The principle is the same for any community energy group considering batteries – will the battery work hard enough to balance out its initial environmental impact? For example, a primary school’s solar panels might overproduce during the summer holidays, but not for the other 46 weeks of the year, leaving the battery idle. This must be decided on a case-by-case basis, and financial modelling can be complex for each site.
The economic case for storing electricity
No single use case can justify a battery on its own. It's very normal for battery revenues to be ‘stacked’, where multiple income streams are combined depending on the time of day or season. This allows a single battery to access whichever role is more profitable at the time. These are some of the scenarios where the economics can work:
Storing your own generation
Batteries can store excess generation for later use, which makes economic sense because export rates (the money earned by exporting excess electricity) are much lower than import rates (the money spent using imported electricity on site). In other words, a site can save more money by using stored electricity in the evening than it can by selling it back to the grid during the day. This creates a tempting case for organisations like schools trying to cut their electricity costs – but (similar to the environmental impact point) it only works if the battery can cycle often enough, which comes down to that site's usage patterns.
Trading on price
A related opportunity is price arbitrage. On market-rate tariffs, electricity prices vary every half hour, with particularly high prices often occurring during the evening demand peak when many people return home and cook dinner. A solar site can store generation in a battery during the day and export that electricity after 5pm, accessing significantly higher revenues than would otherwise be available. Standalone batteries can also participate by charging during low-price periods and exporting during high-price periods. At times of grid oversupply, import prices can even become negative, allowing batteries to be paid to charge. Delivering this effectively relies on accurate price forecasting and automated control systems that optimise charging and discharge schedules against market conditions.

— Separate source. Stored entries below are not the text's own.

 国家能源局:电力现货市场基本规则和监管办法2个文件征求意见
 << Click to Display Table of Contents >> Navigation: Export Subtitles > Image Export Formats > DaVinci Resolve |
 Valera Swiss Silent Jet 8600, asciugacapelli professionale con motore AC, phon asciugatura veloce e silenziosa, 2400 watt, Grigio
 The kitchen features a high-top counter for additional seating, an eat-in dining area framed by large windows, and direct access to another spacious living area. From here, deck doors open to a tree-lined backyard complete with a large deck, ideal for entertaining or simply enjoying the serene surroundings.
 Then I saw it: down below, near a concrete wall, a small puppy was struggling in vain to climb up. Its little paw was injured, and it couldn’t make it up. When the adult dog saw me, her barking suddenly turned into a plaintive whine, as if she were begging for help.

Working around grid limits and peak moments
An alternative situation where it can make good financial sense is if the grid connection limits how much energy can be imported or exported. A solar park or wind farm might be capable of producing 2 MW but curtailed at 1 MW – they are producing more than the grid can accept at any one time. A battery turns curtailed generation into usable energy later in the day. A site with intermittent high energy usage may also be able to avoid a grid connection upgrade by using a battery to power equipment for short periods of time. A grid upgrade can be hugely expensive for the scale at which many community energy sites operate, while a battery can be comparatively cheap, especially if the peak requirements are short lived.

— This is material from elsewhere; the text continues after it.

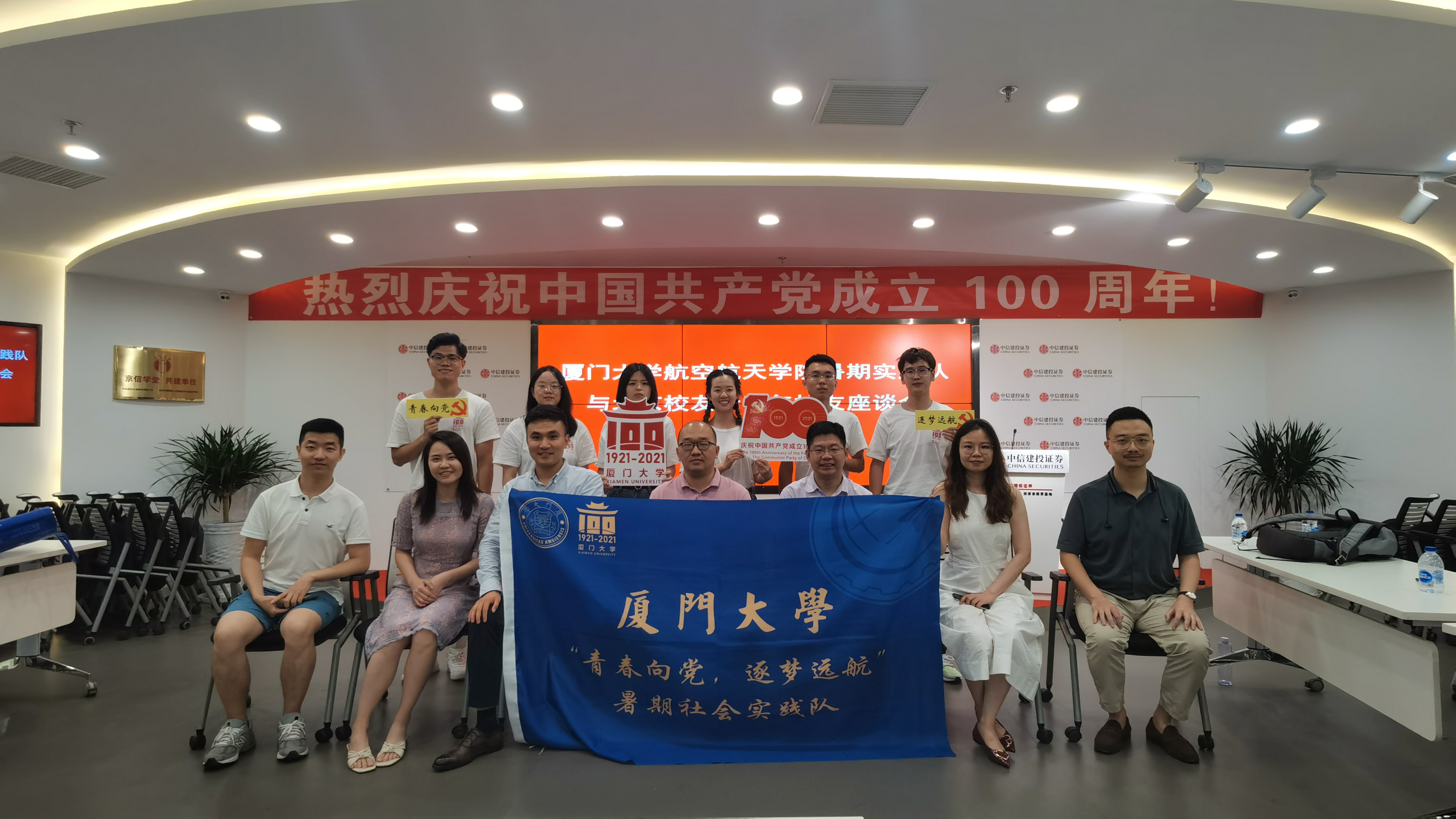 实践队分别与清华大学航天航空学院学子、厦门大学北京校友会青年校友展开座谈交流。清华大学座谈会主要围绕两校航空航天教育的发展历史和党建工作进行,两校学子共同学习习近平总书记关于青年工作的重要论述,交流心得体会,对习近平总书记重要讲话精神的理解和党团工作的实施有了新的感悟和启发。在和校友的座谈中,实践队听取校友分享的工作经验和人生经历,就未来的职业选择和人生规划向校友们提问,校友们一一答疑解惑,进行深入交流。张晴总结到,“我们组织此次实践的目的就是希望研究生同学们可以走出实验室、走向社会,希望队员们能够带着交流的收获,不断观察思考,积累相应的知识以促进自身发展。”
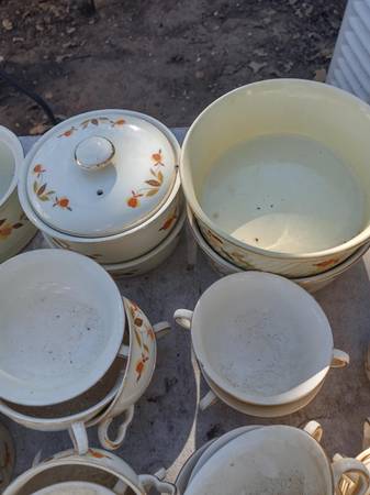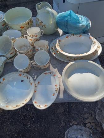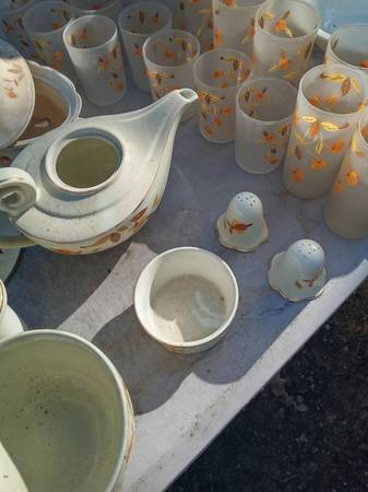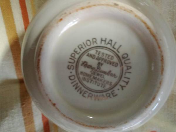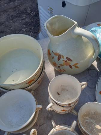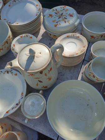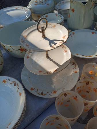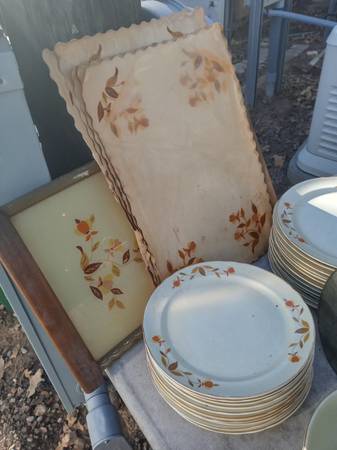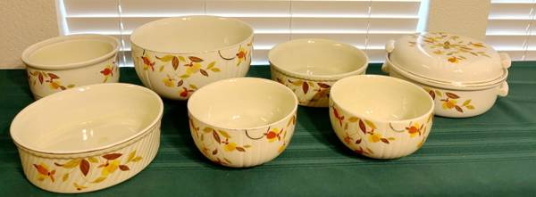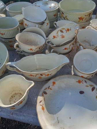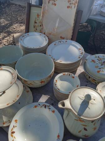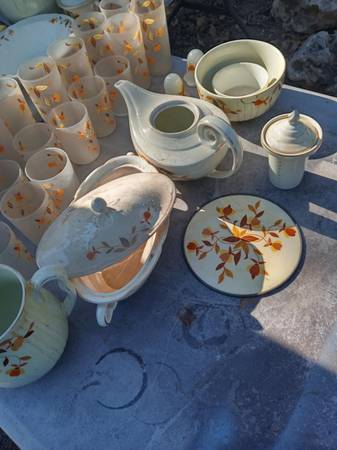 The famous Autumn Leaf pattern, one of the most-popular vintage china patterns in America. The many and varied dinnerware pieces, produced by the Hall China Company, were sold door-to-door by Jewel Tea Company salesmen for many years. .

One increasingly common example where batteries can be used to operate very high-power equipment on a small grid connection is electric vehicle charging. An EV charger isn’t used all the time, but when it is it needs a lot of power quickly. Rather than paying for a grid upgrade to handle peak moments, a battery can store energy gradually and then deliver it in bursts when needed. This is often better value, especially when dealing with several Megawatts of potential demand.
Local resilience
Beyond the financial case, some people support community energy projects because they want to build local energy security. In locations where power cuts are frequent, backup facilities provide genuine value beyond simple financial calculations. Batteries contribute to this vision, creating more reliable energy systems.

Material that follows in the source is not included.